The thing holds in the earthly relation. How many children of good parents—good children in the main too—never know those parents, never feel towards them as children might, until, grown up, they have left the house—until, perhaps, they are parents themselves, or are parted from them by death. To be a child is not necessarily to be a son or daughter. The child-ship is the lower condition of the upward process towards the sonship, the soil out of which the true sonship shall grow, the former without which the latter were impossible.

God can no more than an earthly parent be content to have only children: He must have sons and daughters—children of His soul, of His spirit, of His love—not merely in the sense that they love like Him, love as He loves. For this He does not adopt them. He dies to give them Himself, thereby to raise His own to His heart. He gives them a birth from above; they are born again out of Himself and into Himself—for He is the one and all. 

His children are not His real, true sons and daughters until they think like Him, feel with Him, judge as He judges, are at home with Him, and without fear before Him because He and they mean the same thing, love the same things, seek the same ends. Nothing will satisfy Him, or do for us, but that we be one with our Father. What else could serve. How else should life ever be a good. Because we are the sons of God, we must become the sons of God (George McDonald, Creation in Christ , edited by Rolland Hein, pgs. 129-130).                       

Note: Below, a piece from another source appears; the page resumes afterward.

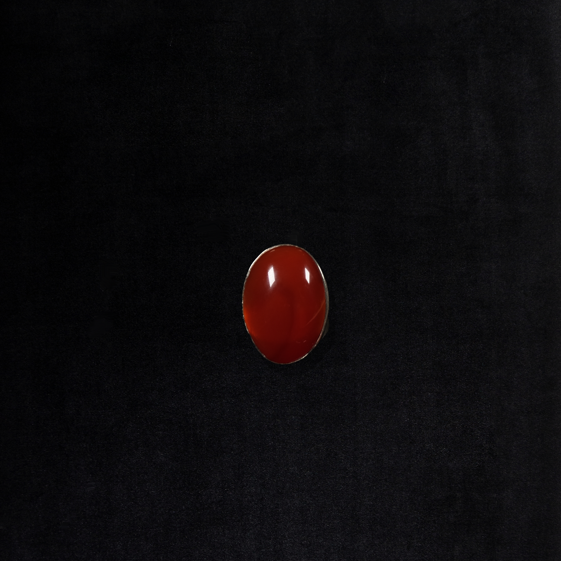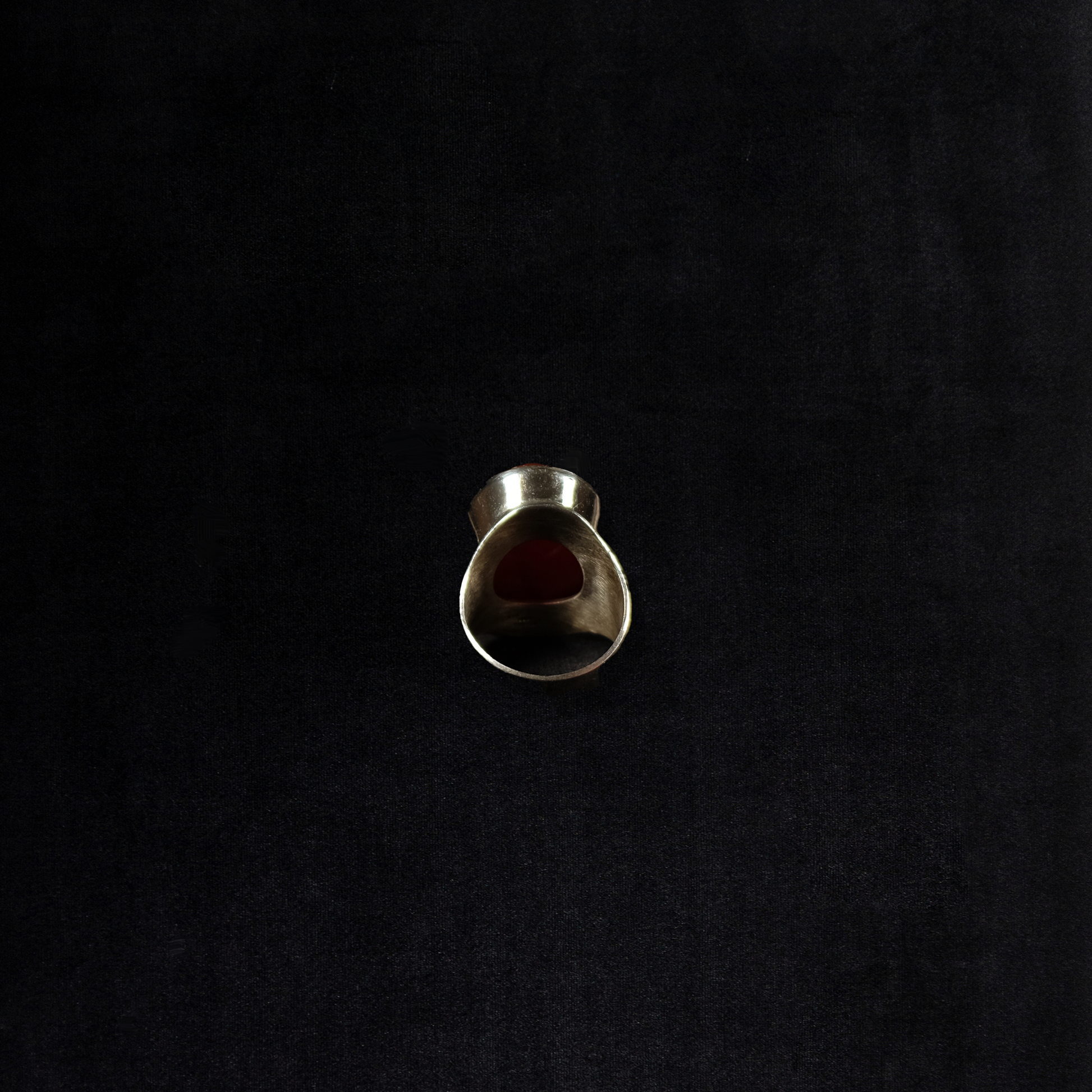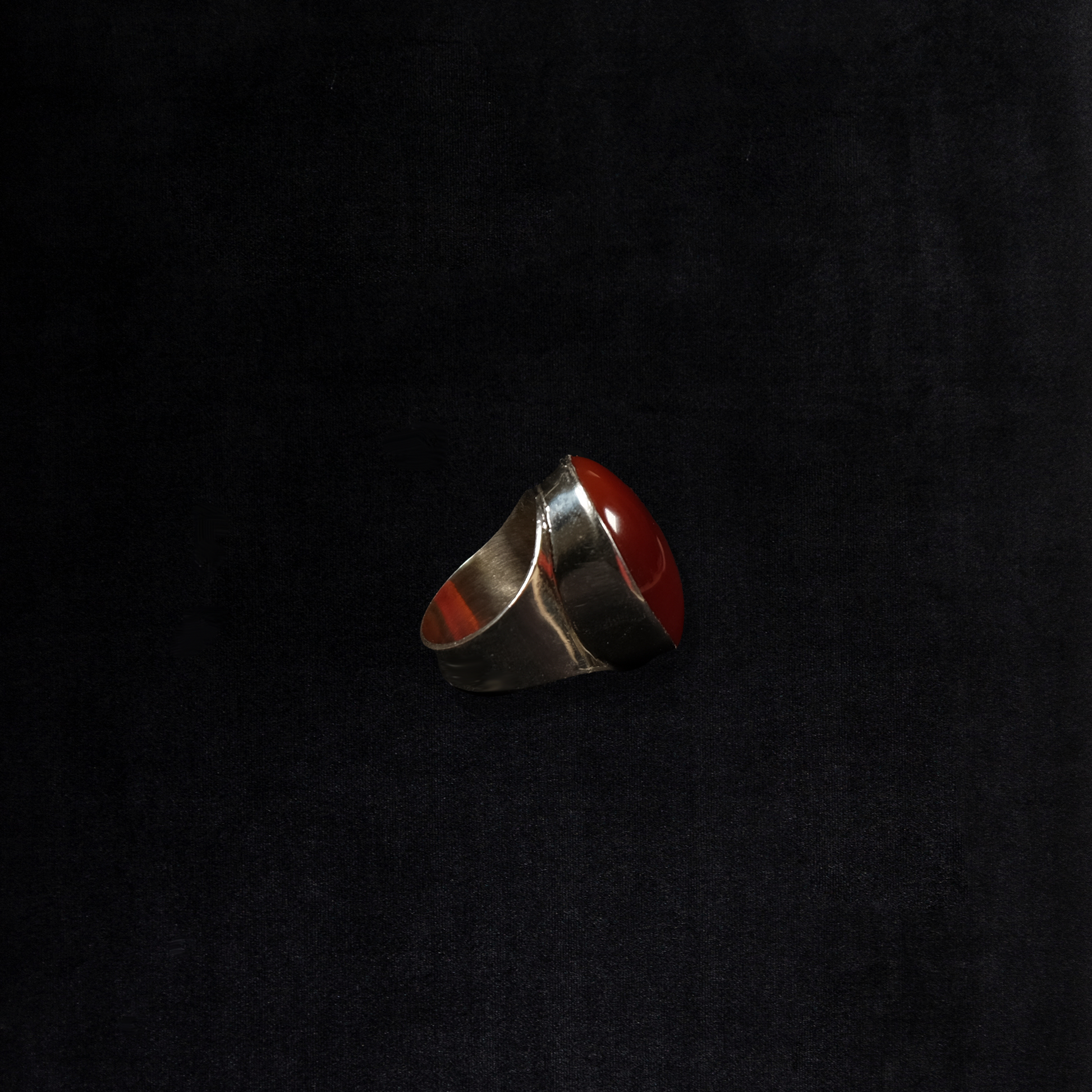 This vintage sterling silver ring features a rich carnelian cabochon set in a clean, sculptural band. A striking yet versatile heirloom piece that brings a moody, natural glow to any look.

             The insights MacDonald shares are especially timely as the pressures of our day are requiring an increasing level of maturity. Reread it, meditate on it, and let it penetrate your deepest person. Then take the time to read and re-read Gal. 4:1-9, asking the Holy Spirit to make the meaning clear and applicable to you. Try it in several different translations for greater clarity. It will strengthen your spiritual identity, which is the primary issue in all spiritual warfare.